#### Exercise requirements
For the listing below, the answer is an exact retyping of the lines from the one with "在交流环节中,2025级10" through the one with "Тумба с раковиной", both included, without pictures.

#### Provided data
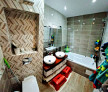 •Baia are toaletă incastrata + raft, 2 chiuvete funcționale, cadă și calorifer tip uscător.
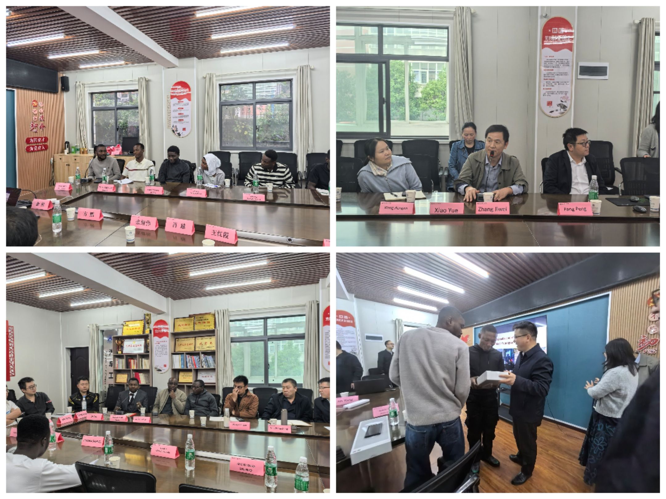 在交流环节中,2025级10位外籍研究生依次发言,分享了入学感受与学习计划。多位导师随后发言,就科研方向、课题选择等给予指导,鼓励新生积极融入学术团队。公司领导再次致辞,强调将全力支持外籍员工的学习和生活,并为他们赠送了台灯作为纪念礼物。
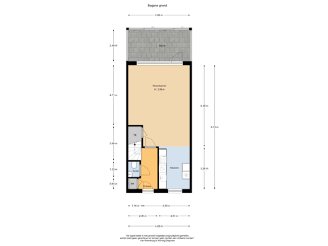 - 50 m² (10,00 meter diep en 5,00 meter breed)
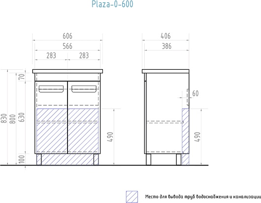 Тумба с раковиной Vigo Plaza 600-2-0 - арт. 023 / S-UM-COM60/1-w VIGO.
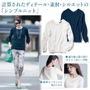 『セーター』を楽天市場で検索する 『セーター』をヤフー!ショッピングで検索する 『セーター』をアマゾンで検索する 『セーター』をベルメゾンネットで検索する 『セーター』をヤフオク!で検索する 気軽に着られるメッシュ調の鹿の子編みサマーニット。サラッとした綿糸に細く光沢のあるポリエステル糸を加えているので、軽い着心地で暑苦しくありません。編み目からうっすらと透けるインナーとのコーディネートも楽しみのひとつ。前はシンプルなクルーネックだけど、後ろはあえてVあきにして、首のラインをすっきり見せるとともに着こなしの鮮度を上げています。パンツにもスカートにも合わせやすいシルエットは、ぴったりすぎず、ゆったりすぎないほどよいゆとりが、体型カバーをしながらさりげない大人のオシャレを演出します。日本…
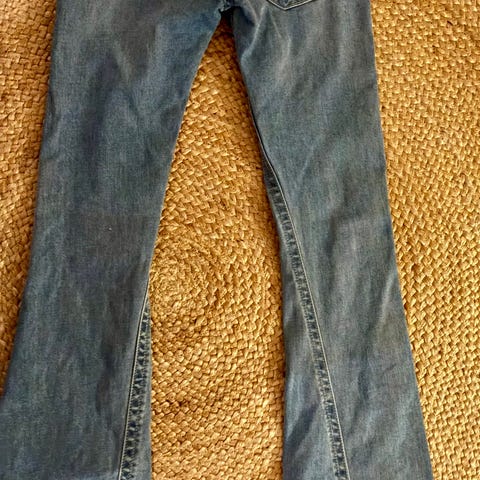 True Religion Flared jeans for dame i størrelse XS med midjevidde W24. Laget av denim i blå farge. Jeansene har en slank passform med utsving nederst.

==

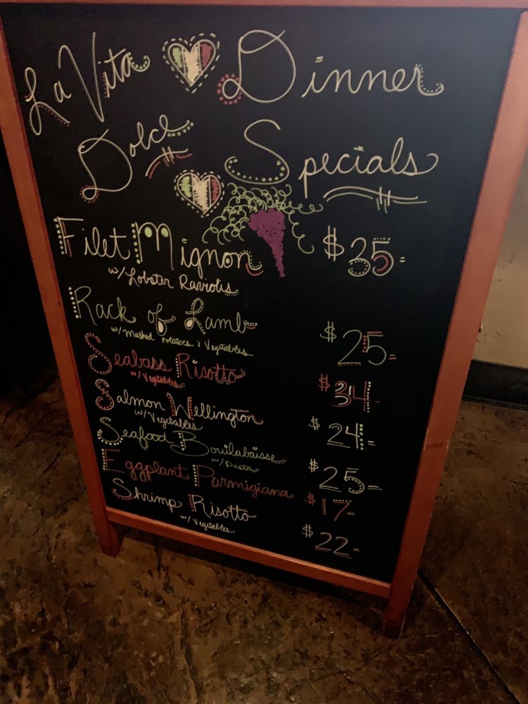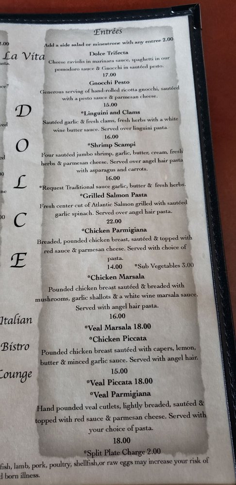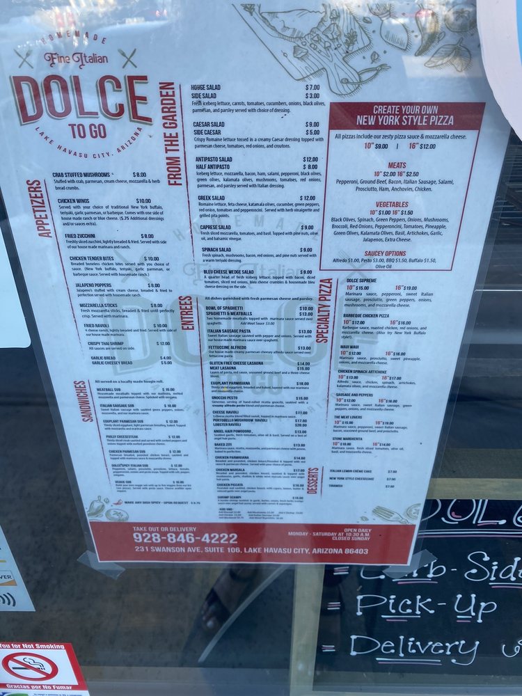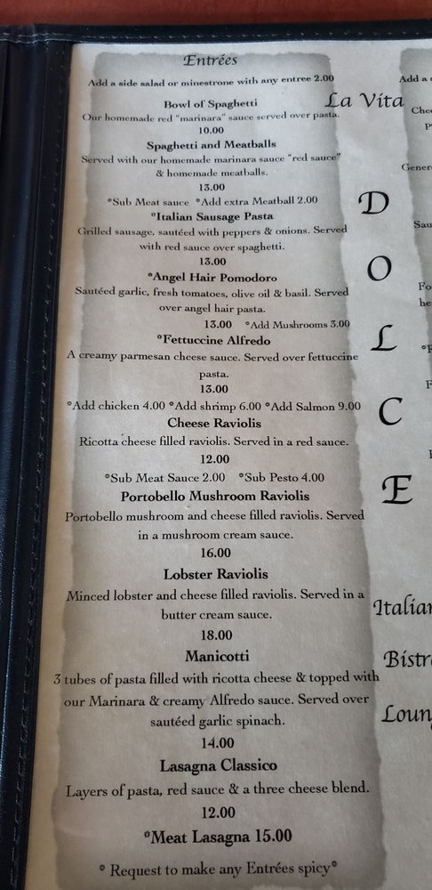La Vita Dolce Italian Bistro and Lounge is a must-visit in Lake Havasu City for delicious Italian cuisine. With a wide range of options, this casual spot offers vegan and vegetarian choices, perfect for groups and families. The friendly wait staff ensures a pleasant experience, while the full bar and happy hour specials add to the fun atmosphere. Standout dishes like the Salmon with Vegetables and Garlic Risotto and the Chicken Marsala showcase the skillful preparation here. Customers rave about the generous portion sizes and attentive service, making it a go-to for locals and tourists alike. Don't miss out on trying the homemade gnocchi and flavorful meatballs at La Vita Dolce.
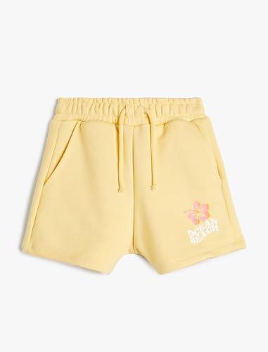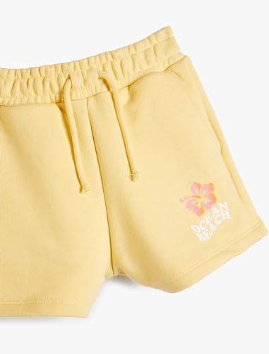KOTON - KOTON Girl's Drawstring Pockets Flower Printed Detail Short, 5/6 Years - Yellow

#### Reply
 在交流环节中,2025级10位外籍研究生依次发言,分享了入学感受与学习计划。多位导师随后发言,就科研方向、课题选择等给予指导,鼓励新生积极融入学术团队。公司领导再次致辞,强调将全力支持外籍员工的学习和生活,并为他们赠送了台灯作为纪念礼物。
 - 50 m² (10,00 meter diep en 5,00 meter breed)
 Тумба с раковиной Vigo Plaza 600-2-0 - арт. 023 / S-UM-COM60/1-w VIGO.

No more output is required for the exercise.